OVER HOLE

 車が使えない時期に合わせてエンジンのオーバーホールを敢行しました。

 このエンジンももう丸3年ですからねぇ。{実質乗っていない時期も1年程有るが。}
 この新しいユニットは、性能面での定評は出来つつありますが、同時にトラブルの伝説を作っている事も確か。数々の「恐い話」に耐え切れなくなったのが本音のトコロか?。

 さて、「オーバーホール」と言っても色々有ります。
a.クラッチ/減速系の点検・部品交換
b.動弁系を擁したヘッド回り
c.ピストンリング交換
d.ピストン交換
e.シリンダ交換
f.クランク回り点検・部品交換
g.コンロッド回り部品交換
h.ミッション回り点検・部品交換

 aはエンジンのO/Hとは言わないけれど、ギヤカバーを開けたついでに行っておきたい項目。
 eは余程の事が無い限り交換には至らないが、ここまでが「腰上」とされる作業項目。
 f以降が「腰下」とされる作業項目であるが、値段が「+10万円」というレベルなので実行するかどうかは悩むトコロ。

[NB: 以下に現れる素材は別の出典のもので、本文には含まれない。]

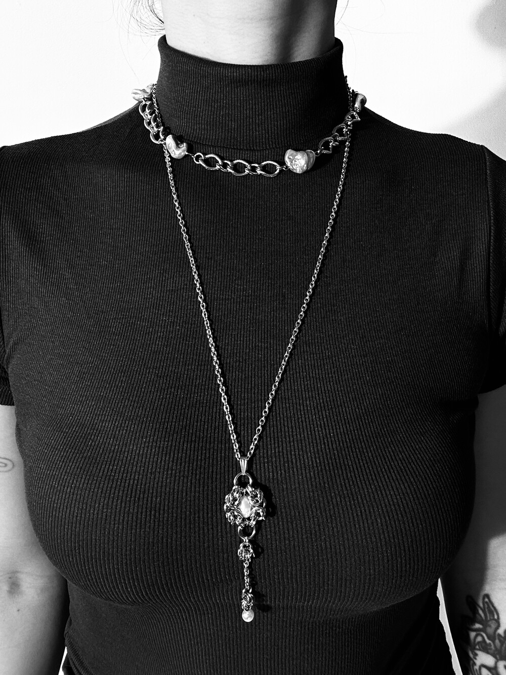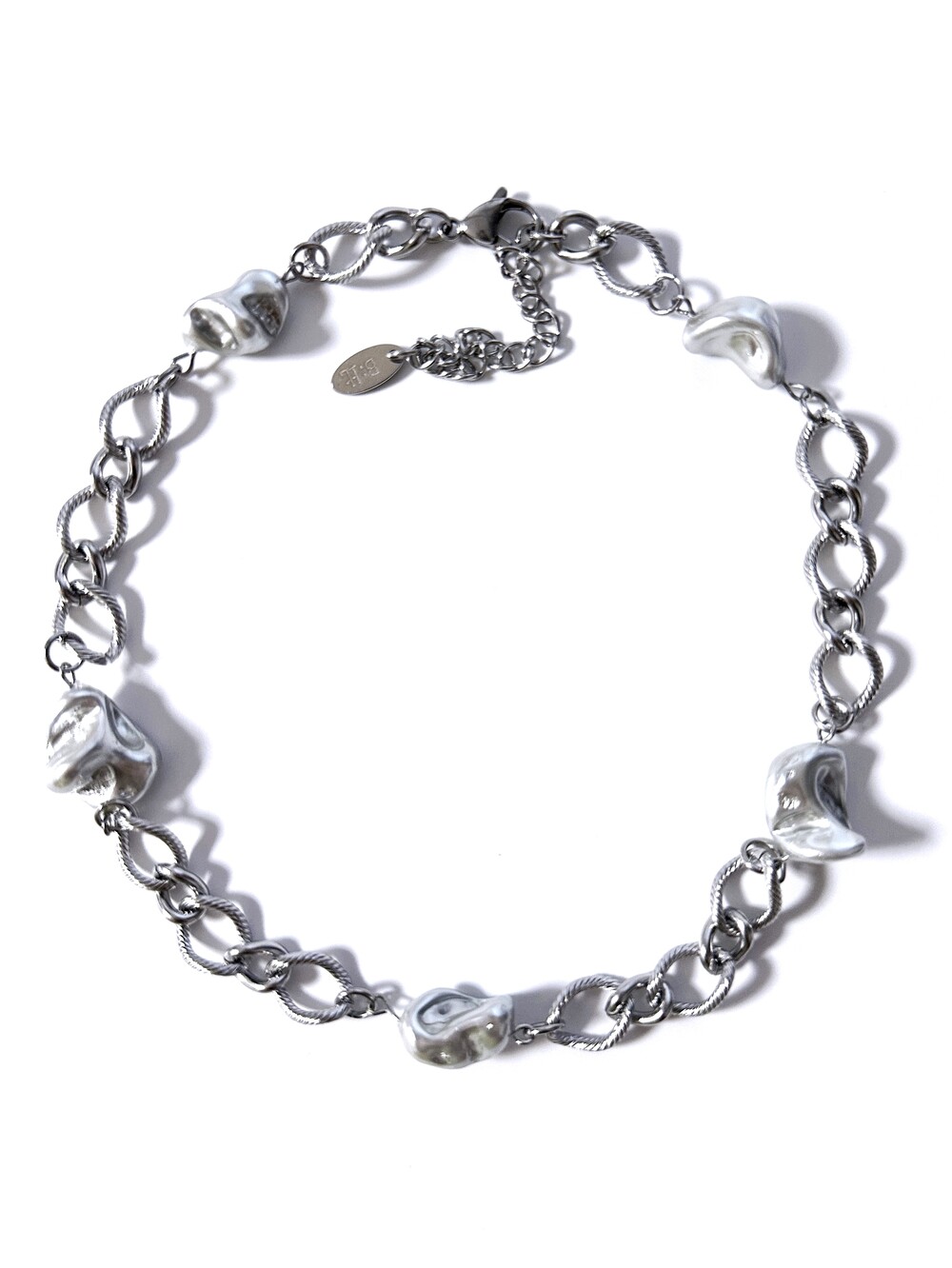 불규칙한 형태의 바로크 진주와 꼬임 체인이 교차되어 내추럴하면서도 고급스러운 분위기
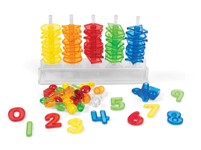Večfunkcijski abakus (okvir za štetje). Vključuje 3 komplete prozornih kock: figure (10 oblik v 5 barvah), kroglice (6 oblik v 6 barvah) in številke (od 0 do 9). Namenjen je štetju, razvrščanju ter učenju barv in številk. Abakus pomaga pri razvoju koordinacije in motoričnih sposobnosti.
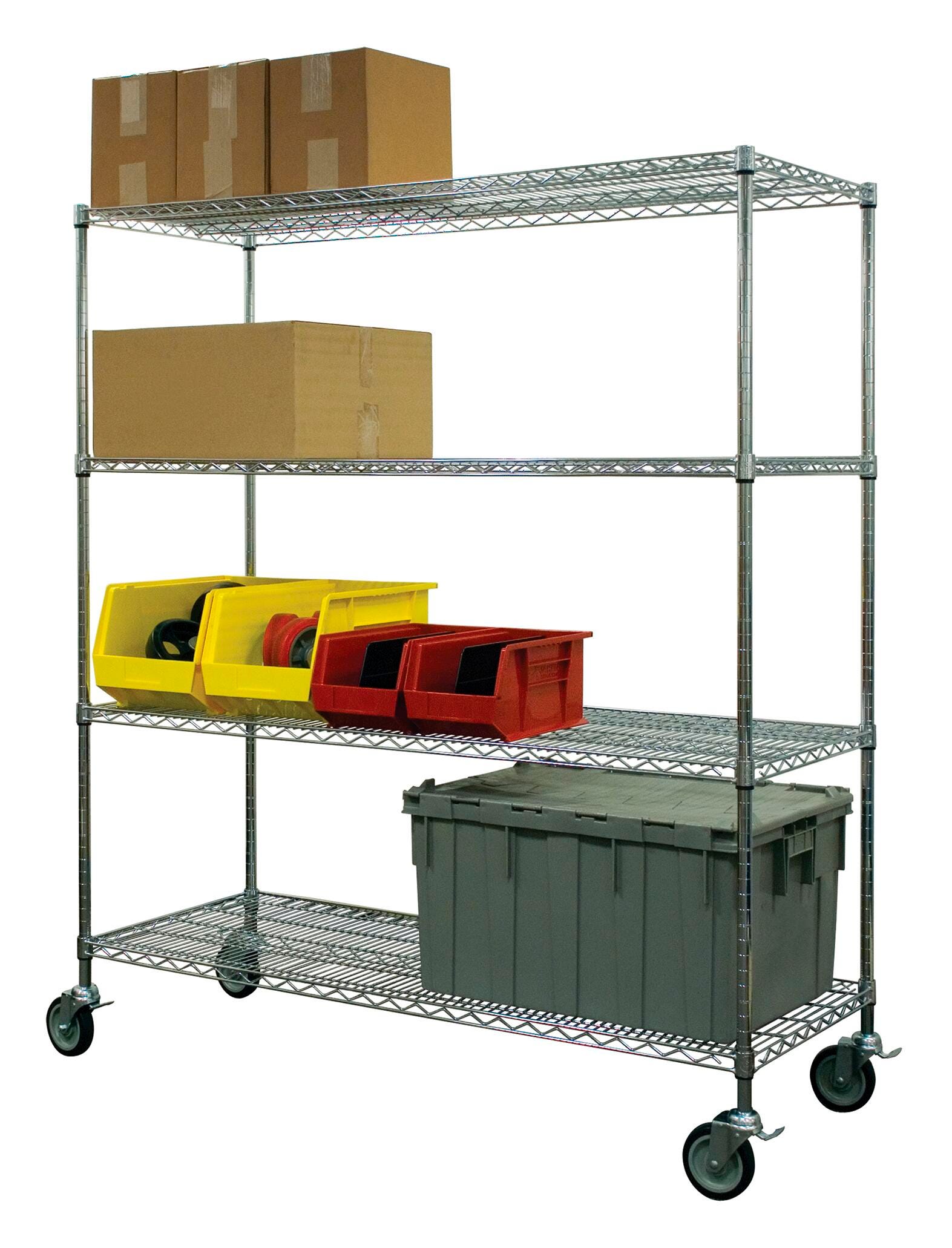 These mobile wire carts are constructed to the highest quality standards and feature rust resistant chrome plating. This practical Shelf Storage Unit is perfect for the kitchen, bathroom or office. Store your kitchenware, office ware, or any other cumbersome items in this spacious 4-Shelf unit. Easy assembly; no tools required. Overall unit height is 69 inches. Cart capacity: 1,000 lbs.Features
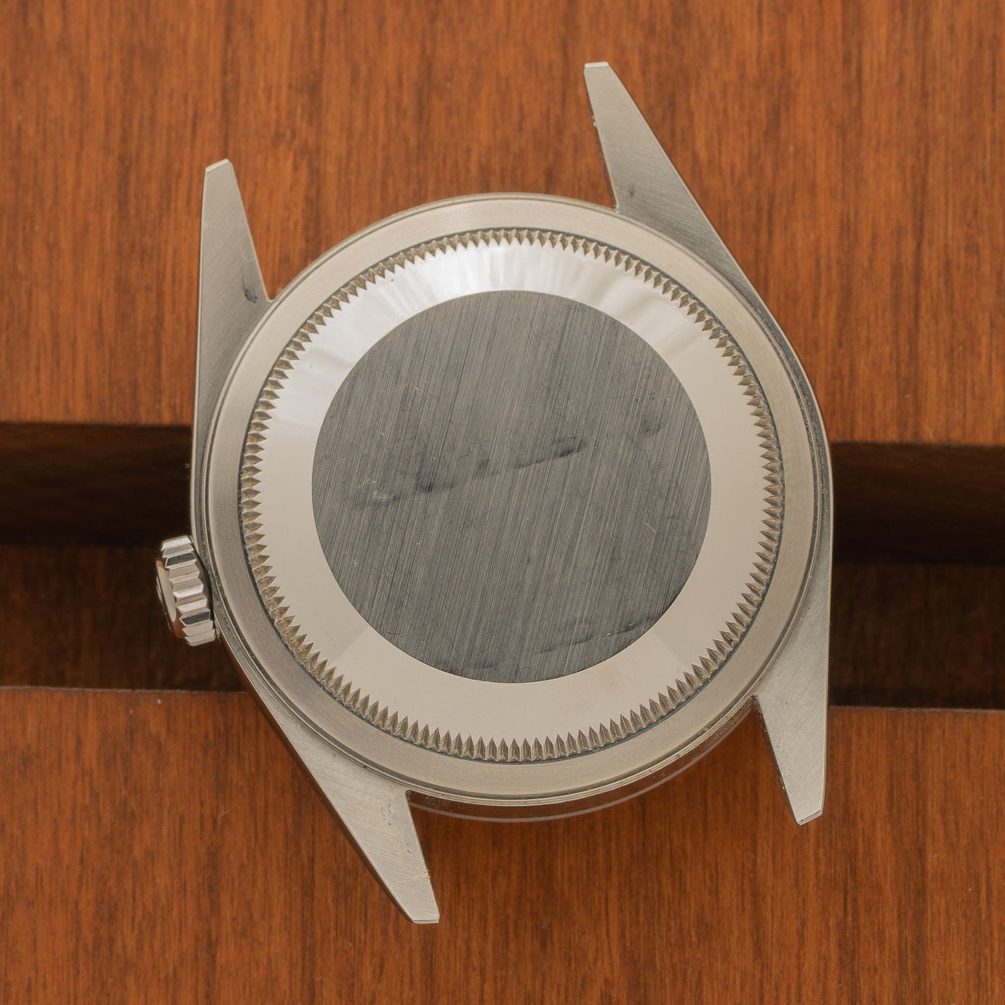 Case: Very sharp and appears unpolished. Light signs of use. Correct signed crown.
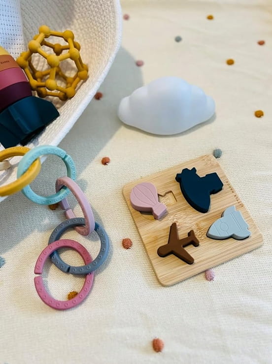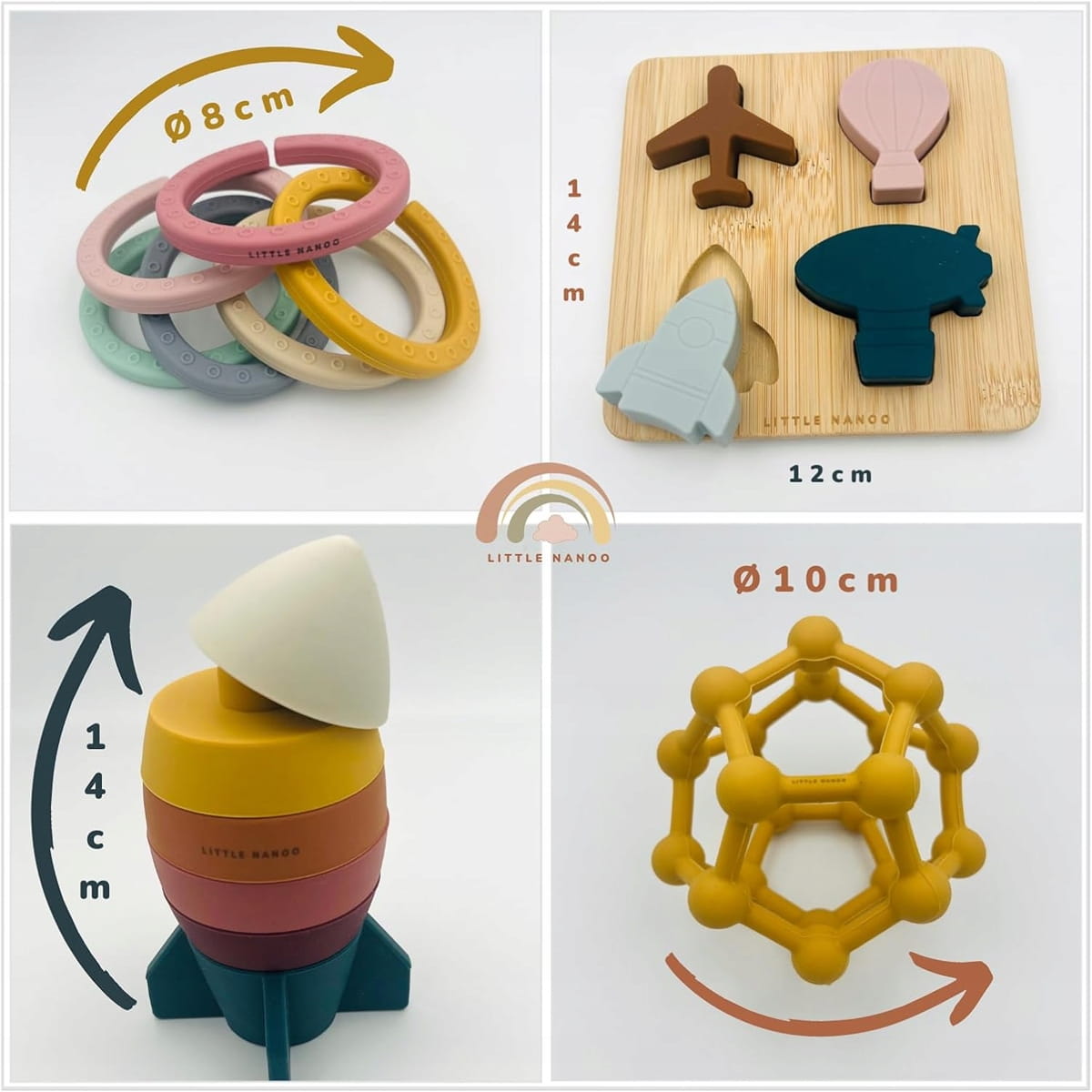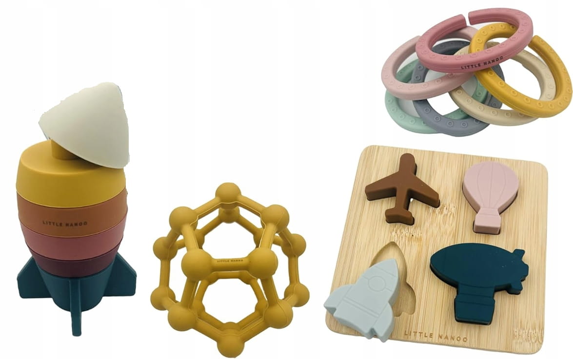 LITTLE NANOO sada silikónových senzorických hračiek 18 kusov 6 m+

 実際はリベルタさんに入庫してしまい、バラしてもらって各部を点検しながら作業範囲を決めました。
 結果、クランク回りに異常は見られないので今回腰下は行わず腰上のみとし、ピストンも大丈夫そうなのでリングの交換のみとしました。

 でもガスケット類は一個一個注文しているといつまで経っても集まらないので、腰下までの物がセットになったガスケットセットを購入しました。これならいつ腰下が逝っても即座に対応出来ますからね。

 クラッチカバー&クラッチを外した状態。特に異常は見られません。

 あまり拝めるモノでもないので?、御参考に。クランクはこれで上死点の位置です。

 クラッチは・・・と、

 ガビーン!、インナー側のハウジングがガビガビです。

 シフトやクラッチの扱いには気を付けていたつもりだったのですが・・・、イヤハヤお恥ずかしい。

 公道使用も有ったからかも?、と言い訳。

 現状支障は無いものの、もう何時異常が出てもおかしくない状態。
 交換を決意するが、バックオーダーなので当面このまま使用しておきます。

 アウター側は鉄製という事もあって、擦れた跡は有るものの問題無し。

 そういえば鉄製のアウターハウジングって珍しくないですか?。

 シリンダー。

 内壁はきれいなモンです。

 この写真では分かり難いけど、クロスハッチも健在。

 でも矢印の所、なにやら打痕が・・・。
 古宅さん曰く、「小石が入って、直ぐに出ていったのだろうね。」と。
 危ない危ない。

 ピストンは生憎写真が全部ピンぼけ。でも異常無し。

 燃焼室。

 ココも特に異常無し。

 燃焼状態も良好との事。
 セッティングなんてメインジェットの番手すら覚えて無いのに。

 でもバルブシートは結構痛んでいて、既に気密無し。
 摺り合わせも実行。

 ついでに「趣味のポート研磨」も。

 あと異常と言えばカムシャフト。

 矢印の所の表面が荒れています。油膜切れが原因。

 オイルの粘度が低かったか、オイルの質が悪かったか?と言う所。

 確かに広島高潤使ったり、シェルの部分合成とか使っていたからなぁ・・・。
 今となっては原因不明。

 表面の荒れは修正して、ベアリングはトラブルの巣なので国産品に交換しました。

 今回の請求書明細です。<OHの項目のみ抜粋>
エンジンショートOH
\42,000
シリンダーヘッドOH
\16,000
E/G OHガスケットキット
\18,060
トップリング
\3,760
オイルリング
\1,990
スパークプラグ
\800
エンジンオイル 1.2L
\4,680
クーラント
\1,000
クラッチオイル 0.5L
\800
クラッチハウジングベアリング
\1,560
クラッチハブスリーブ
\6,440
カムチェーン 1コマ
\470
カムシャフトベアリング 2個
\1,640
合計
\99,200

消費税はクラブのサービスで相殺。

 OH後に乗った事は乗ったのですがね、ツーリングとか定義とか普段と比較にならない所しか走ってないので、効果の程は解りません。

 まあ体感出来る程効果が有ったら「壊れてた」って事ですよね。